With VOF-weighted gravity in place, the sloshing frequency validation test reported 11.4% error — the simulated oscillation was substantially slower than the analytical prediction. This was the first indication anything was wrong with the physics; nothing before the validation test had signalled a problem. Claude was prepared to accept the number and move on. It took pushing back — pointing out that 11% is far outside the range CFD results are held to — before the cause was investigated.

The mechanism: scaling gravity by the local VOF value (between 0 and 1 at the interface) weakens the effective restoring force at the surface. Since sloshing frequency goes as \sqrt{g_\text{eff}}, even a modest reduction in effective gravity slows the oscillation measurably. Every unit test still passed. Only the physics validation test caught it.

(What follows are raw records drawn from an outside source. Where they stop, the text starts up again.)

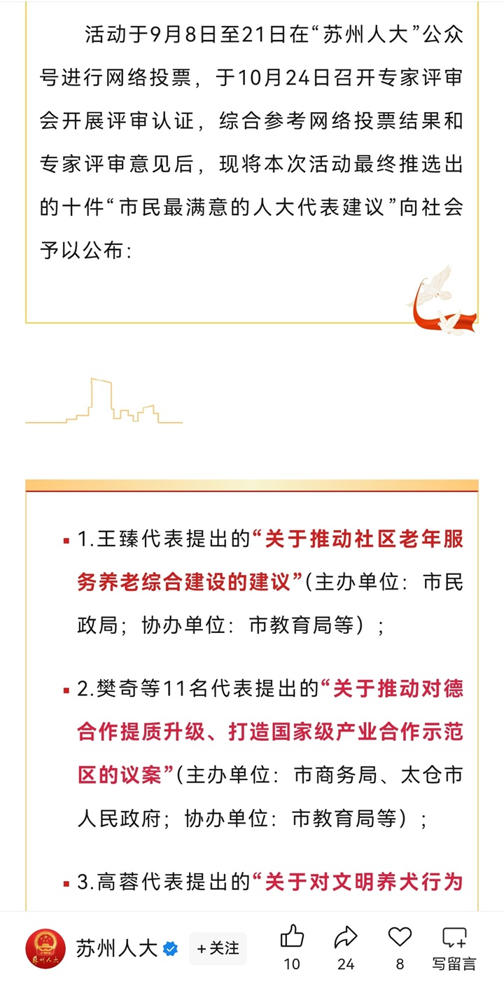 苏州人大官微 | 喜报!“情系苏州——市民最满意的人大代表建议(2025)”名单新鲜出炉!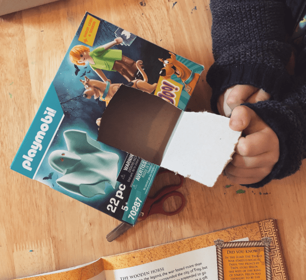 After our success at making a miniature paper Trojan Horse model a few weeks ago, we thought it was time for something a little more challenging. I really want to try out papier-mâché Greek vases, but H insisted we stick with what we know – so we raided the recycling, adapted a few instructions from the fantastic Hands on History: Ancient Greeks by Joe Fullman, and made an EVEN BIGGER Trojan Horse.
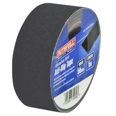 General description Faithfull Anti-Slip Tape provides a safe, slip-resistant surface on stair treads, walkways, and ramps. It is designed for marine, industrial, and domestic use, making it a versatile solution for various environments. Technical specifications Colour: Black Width: 50mm Length: 5m Type: Tape Other information
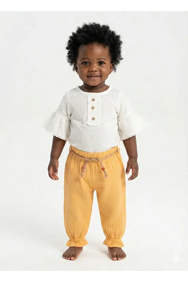Müslin Pantolonlu Kız Takımı Seti (9-12-18 Ay) %100 Pamuk - Rahat Hareket Kolaylığı Seri - 749-Turuncu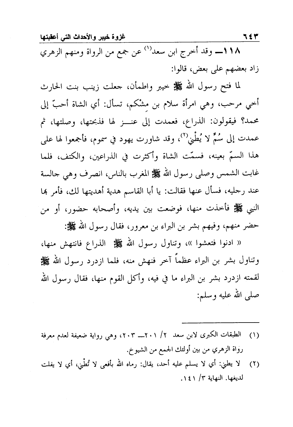 118- وقد أخرج ابن سعد 1 عن جمع من الرواة ومنهم الزهري زاد بعضهم على بعض، قالوا: لما فتح رسول الله صلى الله عليه وسلم خيبر واطمأن، جعلت زينب بنت الحارث أخي مرحب، وهي امرأة سلام بن مِشْكم، تسأل: أي الشاة أحبّ إلى محمد؟ فيقولون: الذراع، فعمدت إلى عنز لها فذبحتها، وصلتها، ثم عمدت إلى سُمٍّ لا يُطْني2، وقد شاورت يهود في سموم، فأجمعوا لها على هذا السمّ بعينه، فسمّت الشاة وأكثرت في الذراعين، والكتف، فلما غابت الشمس وصلى رسول الله صلى الله عليه وسلم المغرب بالناس، انصرف وهي جالسة عند رجليه، فسأل عنها فقالت: يا أبا القاسم هدية أهديتها لك، فأمر بها النبي صلى الله عليه وسلم فأخذت منها، فوضعت بين يديه، وأصحابه حضور، أو من حضر منهم، وفيهم بشر بن البراء بن معرور، فقال رسول الله صلى الله عليه وسلم: "ادنوا فتعشوا"، وتناول رسول الله صلى الله عليه وسلم الذراع فانتهش منها، وتناول بشر بن البراء عظماً آخر فنهش منه، فلما ازدرد رسول الله صلى الله عليه وسلم لقمته ازدرد بشر بن البراء ما في فيه، وأكل القوم منها، فقال رسول الله صلى الله عليه وسلم: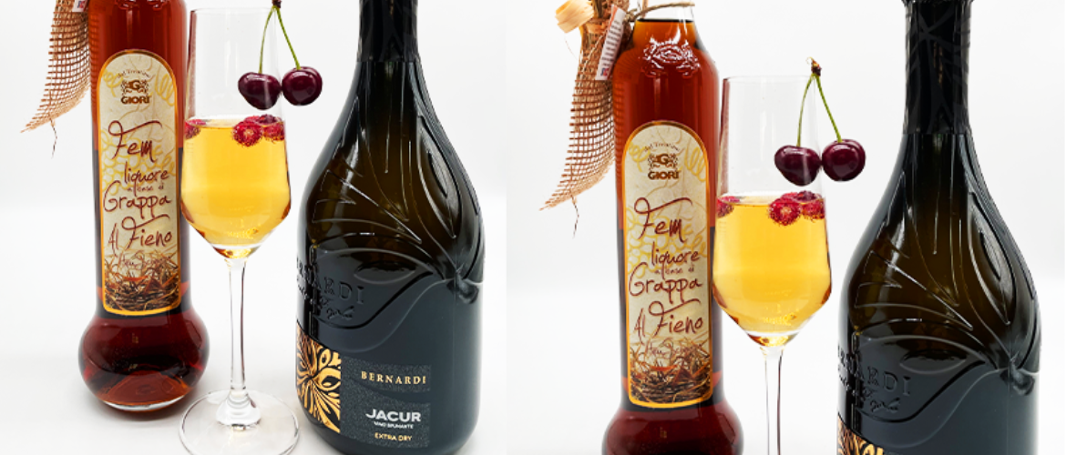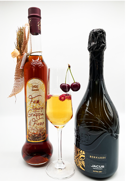 3 cl. (Fieno) Heu Likör auf Grappa Basis gut gekühlt Giori

The fix: revert to full-strength gravity, applied based on cell type rather than VOF value. Any velocity face adjacent to at least one FLUID cell gets full gravity. The warm-started pressure solver converges well enough that the spurious currents are manageable without the VOF weighting. After this change, sloshing frequency error dropped to 5.9% and the simulation reached a usable state.


Results

All 20 tests pass:

GridTests ........... Passed  (7 test cases)
SolverTests ......... Passed  (6 test cases)
VofTests ............ Passed  (5 test cases)
PhysicsTests ........ Passed  (2 test cases)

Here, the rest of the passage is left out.